Originally Posted by *leighi123* 
What about cloth trainers?

I'm unfamiliar with them. Could you show me a link?

We've got training undies but I'm assuming you mean something else since they wouldn't be sufficient for at night.


----------



## ashleyhaugh (Jun 23, 2005)

they have some trainers that are waterproof that you can stuff... someone suggested some to me when i was looking for a new night time diaper... happy heinys i think?

there are lots of others too. try hyenacart or diaperswappers for other brands. my ds (almost23 months) is day trained, but we're still just sticking with our cloth diapers at night for now.

ok, found a link http://nickisdiapers.com/catalog.php?category=163

youd have to buy the inserts to stuff it with i think, but those are easy to find used if the money is an issue


----------



## RollerCoasterMama (Jul 22, 2008)

Quote:


Originally Posted by *ashleyhaugh* 
they have some trainers that are waterproof that you can stuff... someone suggested some to me when i was looking for a new night time diaper... happy heinys i think?

there are lots of others too. try hyenacart or diaperswappers for other brands. my ds (almost23 months) is day trained, but we're still just sticking with our cloth diapers at night for now.
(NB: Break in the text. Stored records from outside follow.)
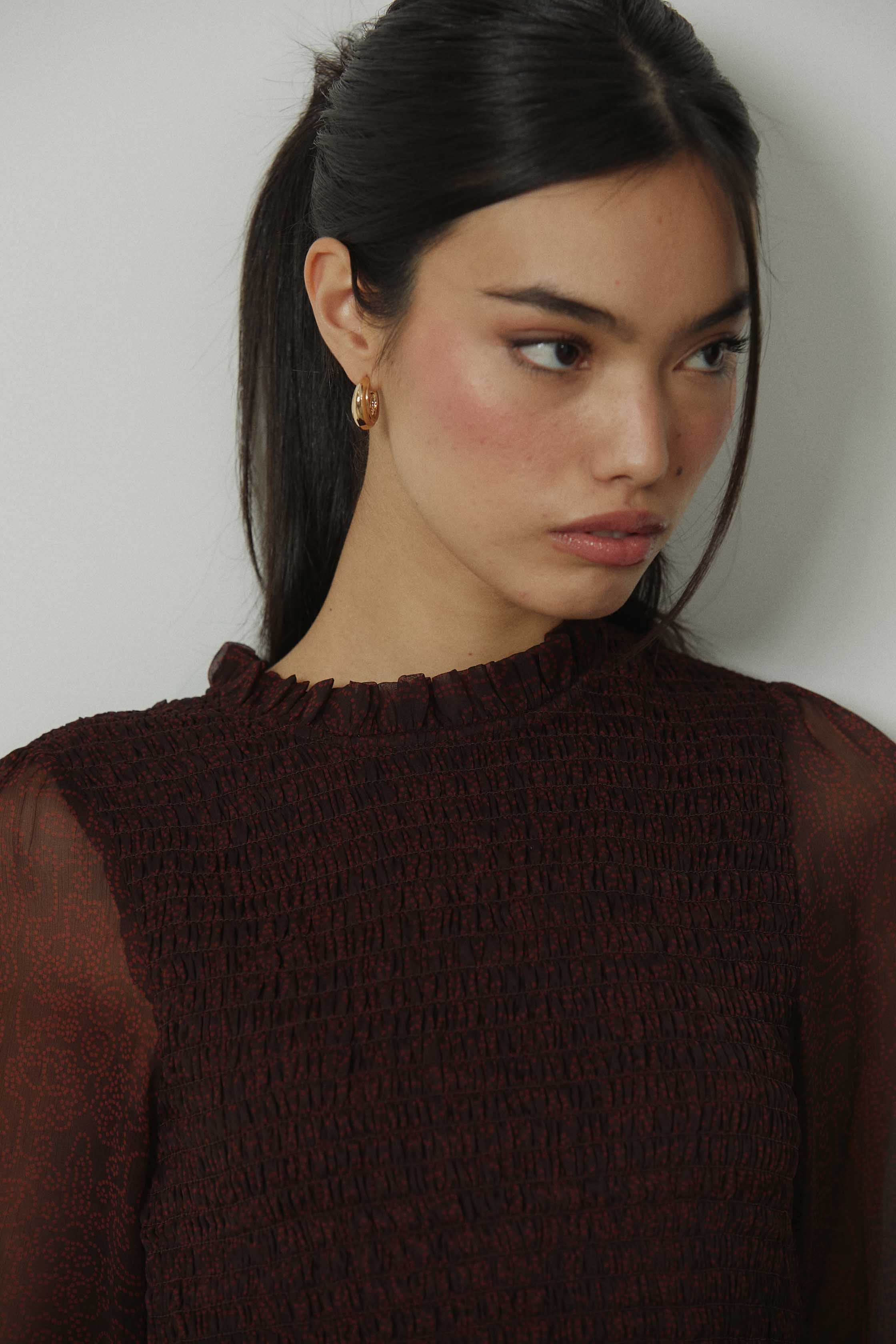 Top de gasa con estampado paisley en tonos marrones. Cuerpo con gomas que se adapta al torso aportando estructura, cuello redondo con ligero frunce y manga larga semitransparente. Bajo con pequeño volante que equilibra el diseño y aporta movimiento. Largo a la cintura.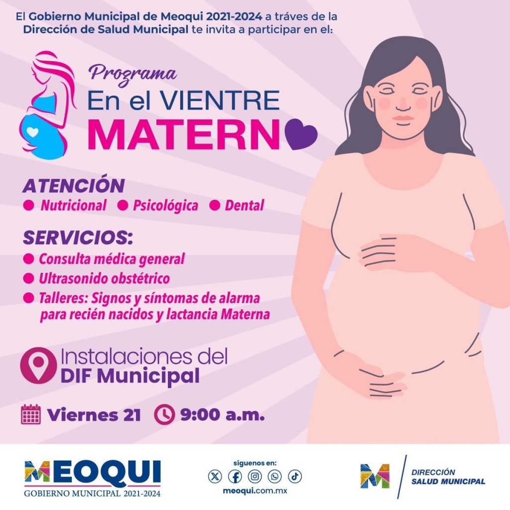 Meoqui.- Con atención médica, dental, nutricional y psicológica, ultra sonido obstétrico, talleres y detecciones totalmente gratuitas para las mujeres embarazadas de Meoqui, este viernes se realizará el programa “En el Vientre Materno”, dando inicio en punto de las 9 de la mañana, en las instalaciones del DIF Municipal.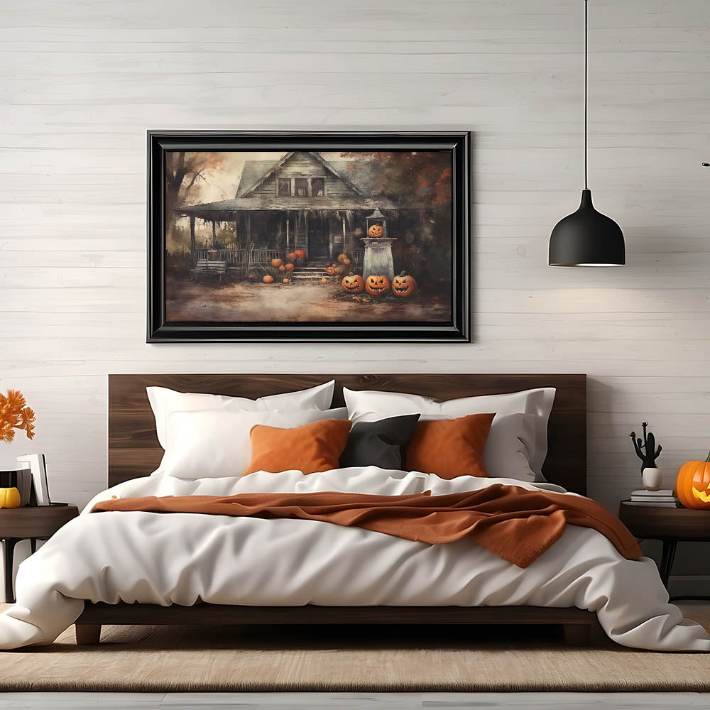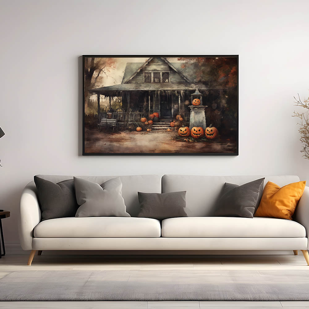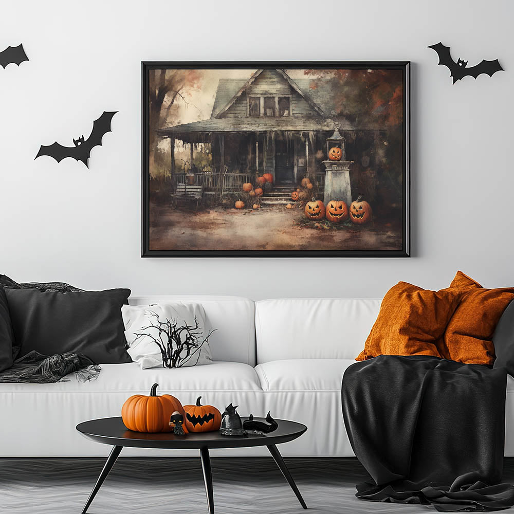 Step into the eerie atmosphere of Halloween with this hauntingly beautiful Halloween art print. Featuring an abandoned, moss-covered house surrounded by glowing jack-o’-lanterns, this artwork captures the perfect mix of mystery and seasonal charm. The muted greens, browns, and deep oranges create a ghostly yet inviting ambiance, making it a captivating piece for Halloween wall hangings.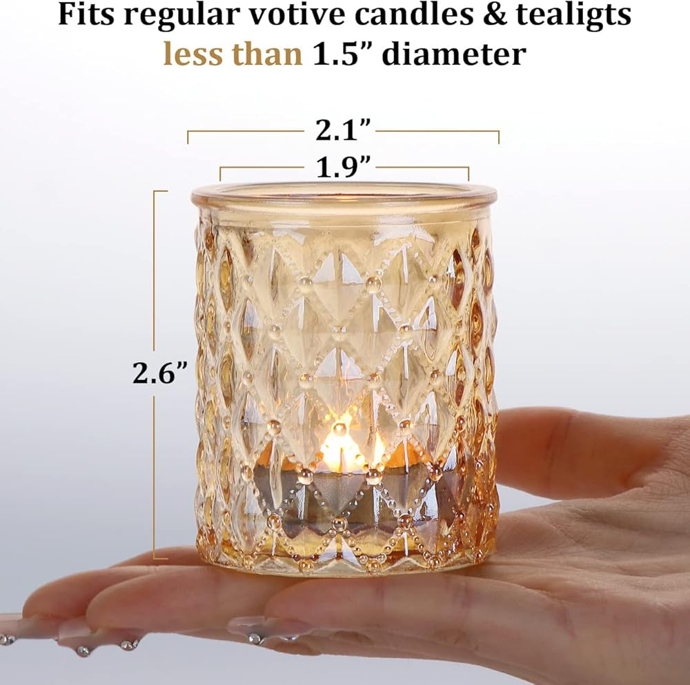 💎GLASS CANDLE HOLDER - DIY candles: Each glass candle holder is about 2.1"D * 2.6"H. The capacity of the candle holders is 3 oz, which works well for handmade candles. Matching regular votive candles, flameless LED light or tealight candles less than 1.8" in diameter are also good choices.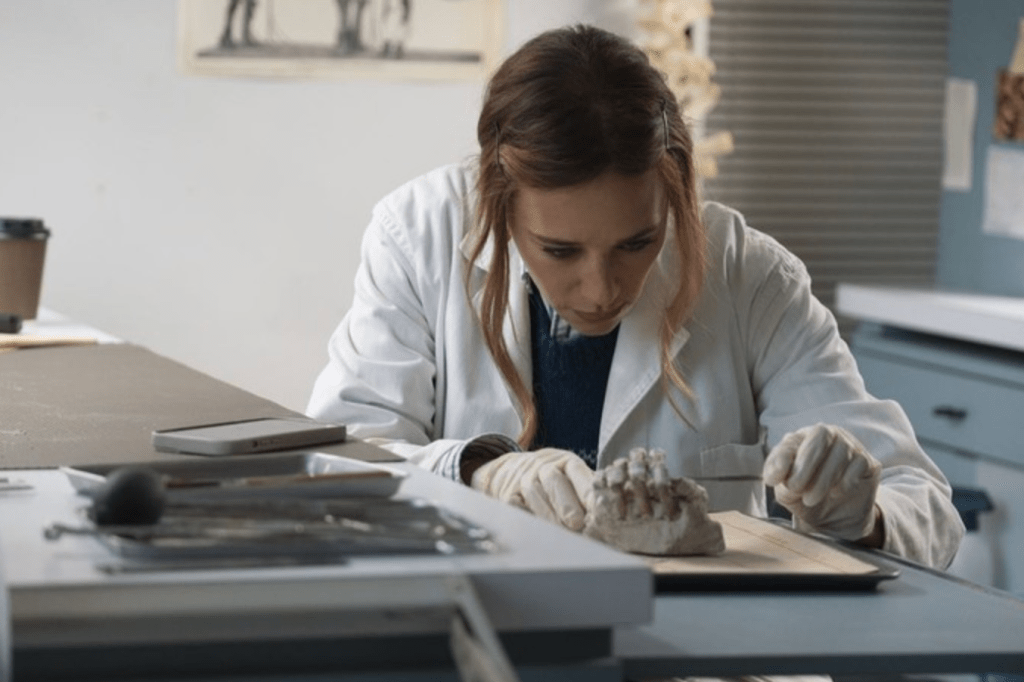 “In the Blink of an Eye”, “W mgnieniu oka” to jest baśń. I trochę żałuję, że nie obejrzałam jej razem z moimi nastolatkami – one zawsze mają ciekawsze ode mnie spostrzeżenia, gdy rozmowa schodzi na relacje, emocje i sens życia. Baśń w niestandardowym znaczeniu, rozpostarta na przestrzeni ponad 45 000 lat. Film splata trzy momenty z historii ludzkości – prehistoryczną rodzinę neandertalczyków, panią naukowiec badającą szczątki człowieka z tych odległych czasów oraz nieśmiertelną istotę transportującą nowe pokolenia do systemu Keplera (nie znalazłam informacji, by taki system istniał dziś, ale ogranicza nas tylko wyobraźnia – i ewentualny brak wiary, że kiedyś może to być prawda). Te trzy historie, jedna w kulturze prymitywnej, druga dziejąca się w cywilizacji, jaką znamy dziś i trzecia odległa nam technologicznie, mają to samo przesłanie.

ok, found a link http://nickisdiapers.com/catalog.php?category=163

youd have to buy the inserts to stuff it with i think, but those are easy to find used if the money is an issue









Oh thanks! That might work too. I'll have to see. It's a bit of an investment, but really, one month of diapers would cover it!









Is the stretchy part around the legs elastic or cotton?
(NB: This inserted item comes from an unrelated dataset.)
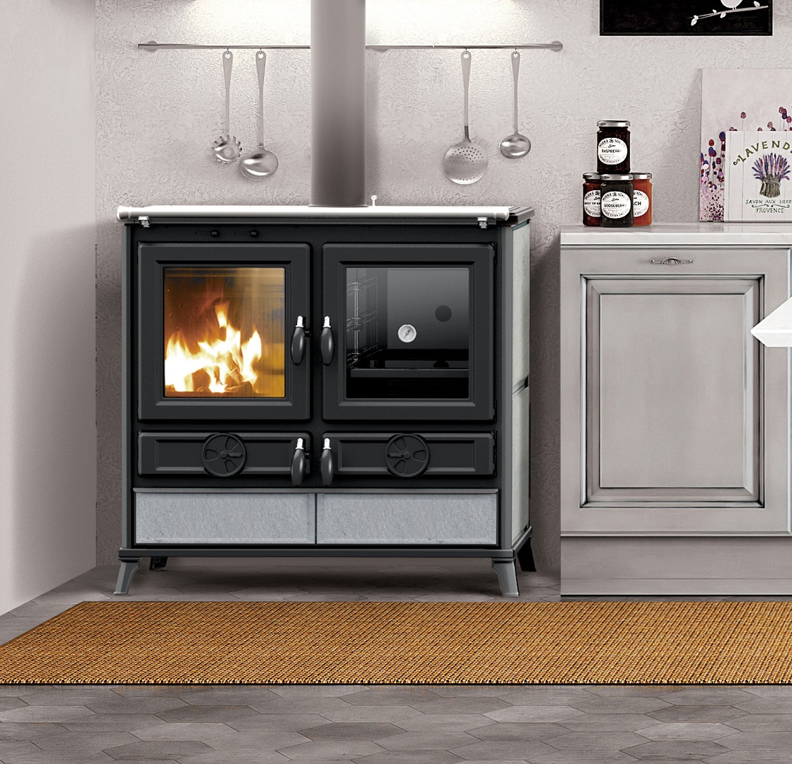 Kuchnia opalana drewnem zbudowana ze stali i żeliwa z dużą powierzchnią wymiany i długimi obowiązkowymi drogami dymu, wyposażona w specjalny wymiennik ze stali nierdzewnej, żeliwną komorę spalania, regulatory do regulacji powietrza pierwotnego, wtórnego i trzeciorzędowego, uchwyty o wyglądzie vintage, otrząsacz rusztu, Starter który ułatwia rozpalanie ognia w piecu, drzwi paleniska z żeliwa emaliowanego ze szkłem ceramicznym odpornym na temperaturę 750°, rama górna z żeliwa emaliowanego, płyta z żeliwa szlifowanego, podwójny szereg pierścieni żeliwnych, Reling przedni, drzwiczki piekarnika z termometrem, piekarnik emaliowany panoramiczny od 43 l, szuflada na drewno i narzędzia, wyjmowana szuflada na popiół, nóżki z żeliwa emaliowanego.

It could speed along night-training as well because he doesn't seem to like to pee in his special big kid pants. He hasn't got a lot of control yet, but I've noticed that he's going longer and longer every time he opts to try big boy pants. I'm taking that as a very good sign! And his preschool he starts at next week is going to start suggesting that he sit on the potty every 45 mins or so when he gets used to them (they thought a month-ish for comfort level). We should be day-time trained by winter. (I think I found the only preschool ever that didn't require day-time trained to start!!!)

Thanks again! I appreciate the ideas!


----------